Everything from the line containing "Sâmbătă după-amiază, polițiștii" through the final line below must be output exactly, both ends included, with nothing else and no pictures.

═══ MATERIAL FOR THIS TASK

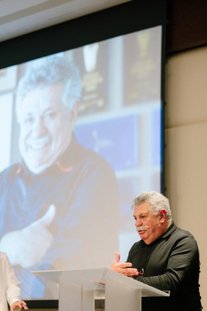 Προσκεκλημένος-έκπληξη, ο καταξιωμένος σεφ κ. Λευτέρης Λαζάρου, ο πρώτος Έλληνας σεφ που βραβεύτηκε με αστέρι Michelin, ο οποίος με τον γλαφυρό του λόγο μίλησε καταρχάς για τα παιδικά του χρόνια στον Πειραιά και για τα στάδια της επαγγελματικής του εξέλιξης, από το πρώτο του μαγαζί μέχρι σήμερα. Στη συνέχεια, μετείχε σε έναν διάλογο ερωταποκρίσεων για τα ιδιαίτερα χαρακτηριστικά και τις δεξιότητες που πρέπει να έχει ένας νέος και φιλόδοξος επαγγελματίας, τονίζοντας ιδιαίτερα ότι, αν κάποιος θέλει να πετύχει, θα πρέπει αφενός να δημιουργεί συνεχώς και αφετέρου να διαφοροποιείται από τους συναδέλφους του.
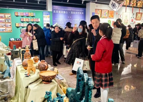 研討會后,2025-2026年度大連市小學(xué)美術(shù)“美育浸潤童心·美繪鄉(xiāng)村未來”教學(xué)成果展在金州博物館開幕。本次展覽依托金普新區(qū)美術(shù)教研聯(lián)盟特色,匯集區(qū)域內(nèi)多所學(xué)校的教學(xué)實踐與學(xué)生作品,涵蓋鄉(xiāng)村美育、民間藝術(shù)、中國畫、陶藝實踐、繪畫與綜合材料、數(shù)字影像與AI輔助創(chuàng)作等多種形態(tài),既呈現(xiàn)兒童真誠、生動的藝術(shù)表達(dá),也映射出教師在教學(xué)創(chuàng)新中的專業(yè)思考。
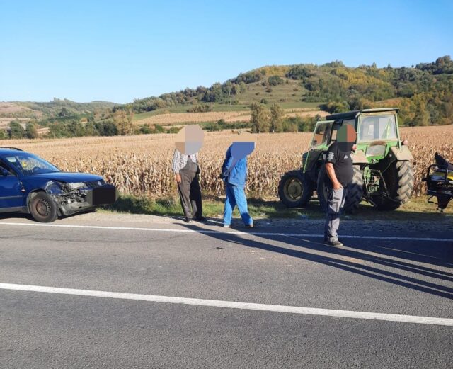Sâmbătă după-amiază, polițiștii rutieri au intervenit la un accident de circulație produs pe DN 14, la ieșirea din localitatea Agârbiciu spre Sibiu. Au fost implicate un autoturism și un tractor.
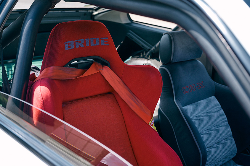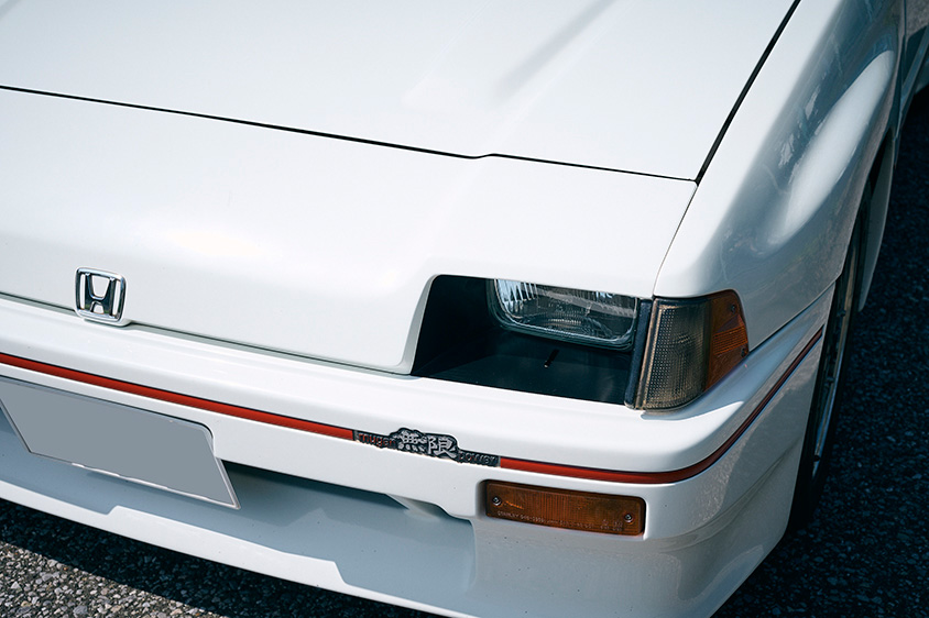 「大学を卒業して社会人になってから最初のボーナスをつぎ込み、無限のフルエアロを組みました。実はこのエアロ、レーシングカーデザイナーである由良拓也氏がデザインを手がけたんです。オーバーフェンダーに注目されることが多いんですが、私としてはフロントマスクがノーマルよりも低く、シャープになっているところがお気に入りです。もともとのボディーカラーは黒/ガンメタのツートンカラーだったんですが、ワイドキットを組み込んだ際に白にオールペイントしました。その他、主なモディファイの箇所は、ジムカーナに挑戦した際にロールケージを組み込みました。それと、無限の15インチアルミホイールなんですが、実はレアな一品ですよ。公認車両なので、正確には“CR-X改”です」
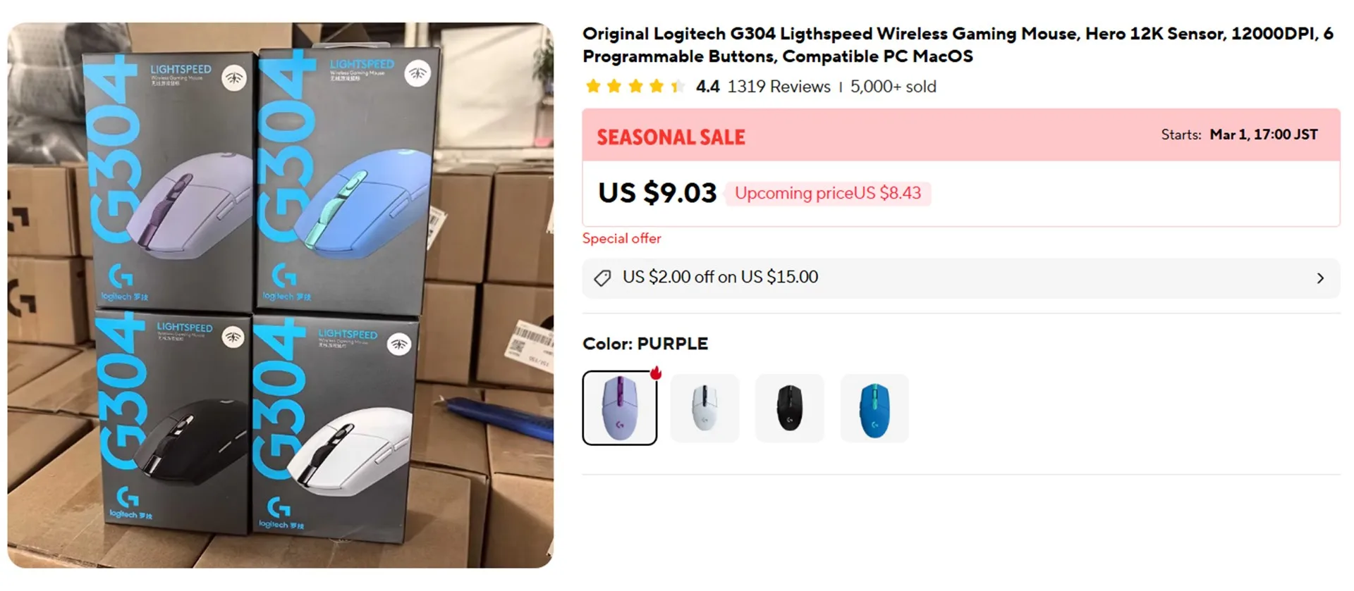 ロジクールのマウスG304が9ドルとか破格値です。日本では5000円ぐらいなので、1500円ちょいなので買っちゃおうかなと思うぐらい安い。

══════

→ **TASK RESULT**
Sâmbătă după-amiază, polițiștii rutieri au intervenit la un accident de circulație produs pe DN 14, la ieșirea din localitatea Agârbiciu spre Sibiu. Au fost implicate un autoturism și un tractor.
 「大学を卒業して社会人になってから最初のボーナスをつぎ込み、無限のフルエアロを組みました。実はこのエアロ、レーシングカーデザイナーである由良拓也氏がデザインを手がけたんです。オーバーフェンダーに注目されることが多いんですが、私としてはフロントマスクがノーマルよりも低く、シャープになっているところがお気に入りです。もともとのボディーカラーは黒/ガンメタのツートンカラーだったんですが、ワイドキットを組み込んだ際に白にオールペイントしました。その他、主なモディファイの箇所は、ジムカーナに挑戦した際にロールケージを組み込みました。それと、無限の15インチアルミホイールなんですが、実はレアな一品ですよ。公認車両なので、正確には“CR-X改”です」
 ロジクールのマウスG304が9ドルとか破格値です。日本では5000円ぐらいなので、1500円ちょいなので買っちゃおうかなと思うぐらい安い。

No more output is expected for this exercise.